When the people pleaser in you is getting in the way of your career

by | Sep 17, 2017 | Anxiety at work

When it comes to career, you may not even know what you want, let alone how to get it

A lot of people who have trouble with anxiety will identify to some extent with the term people pleaser. It’s not a great thing to have to admit about one’s self. The term has negative connotations, as it’s seen as somewhat of a weakness. And, to be honest, when it comes to career progression, it certainly can be.

If your main concern at work is pleasing people and getting their approval, here are a few things that you may find extremely difficult:

• Conflict

• Voicing a contrary opinion

• Taking control of a situation

• Making difficult decisions

• Taking credit for your own work

• Saying no to work when you already have too much

• Giving an honest status of a difficult project

• Putting yourself first

• Taking time off

• Asking for a raise

• Seeking a promotion

The list is by no means exhaustive, but I would imagine you can already see the complications this throws up. When it comes to career, a people pleaser may not even know what they want, let alone how to get it. One of the many negative effects of constantly seeing to other people’s wants and needs, is that you never develop any of your own. And even if you do have an idea of what you want, getting there is almost impossible if you can never put yourself first. When you focus on the needs of others ahead of your own, the choices you make are dictated by their effects on other people.

 

How always pleasing others affects you around the office

It is this fear of hurting other people’s feeling that causes so many problems

The people pleaser is often a boss’s dream. Always there, willing to do whatever it takes, loyal to the end, making little or no demands. They often see their peers progressing much faster than they do, and stay in jobs with little gratification, because they don’t value their skills enough to apply elsewhere, but also because they don’t want to let their boss down.

It is this fear of hurting other people’s feeling that causes so many problems. This, coupled with the feelings of guilt when you attend to your own needs, is a combination that can keep a people pleaser trapped in a position well below their skill level.

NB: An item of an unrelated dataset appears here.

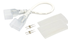
P2-NF-JUMP.5 6" cable P2-NF-JUMP3 3ft cable P2-NF-JUMP10 10ft cable P2-NF-JUMP20 20ft cable Jumper (linking) cables Includes:(2) power pins and (2) 4" sections of shrink tube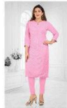
... 104 ...

If you fear looking after your own interests will be seen as selfish, or you will do almost anything to be liked, you will not be able to say no, and will take on work that is not your own. The more you do, the more others will let you, as you take on more responsibility, with none of the credit.

This can lead to feelings of anger and resentment. But where do those emotions go? You can’t be universally liked whilst showing negative emotions. The more those around you scoop up the plaudits and promotions, the more you feel your acknowledgements ‘should’ be noticed, and that you shouldn’t have to go around shouting about all your qualities.

 

How to begin to look after your own needs

If you find it very difficult to talk yourself up in the beginning, at least stop talking yourself down

Unfortunately, when it comes to progression in work, and forging a career, you have to be a self-publicist at times. Most companies these days will have performance reviews where you get a chance to showcase your qualities to the company. It can feel cringy and unnatural talking ourselves up, but it has to be done.

Outside this process however, it is imperative to find your voice and begin to come out of the shadows. As the people around you move on, you don’t want to be left behind.

Here’s a few places you can start:

• Begin by noticing every place you sacrifice your own needs for those of others.

• Push back on work that is not yours. Don’t let others take advantage of you.

• Stop apologising all the time.

• Seek assistance when you are too busy. If you always help others out, call in those favours when you are under pressure. Even if you are not all that busy, it will be good to practice asking for assistance.

• Start taking responsibility for your work. If you have done the bulk of a project or presentation, be the person to front the demo. If you are always in the background you will never get the exposure necessary to progress.

• Stop playing down your importance to the team. If you find it very difficult to talk yourself up in the beginning, at least stop talking yourself down.

• Learn to say no. Start with something small.

• Know that it is not possible to be liked by everyone.

• Stop believing that looking out for your own interests is selfish. If you do it 100% of the time, then maybe it is, but let’s at least get up to 5% of the time to kick off.

• Start trying to figure out what you want from your career. This may be difficult, as you have not focused on yourself before. Give it some time. Try to figure out what you like and where you would like to go. Then start moving in that direction.

The people pleaser in you will not go down without a fight. Prioritising your own needs can be very difficult if it’s something you’re not used to. It is crucial to start though, and soon. Your career is not being served by constantly putting others first.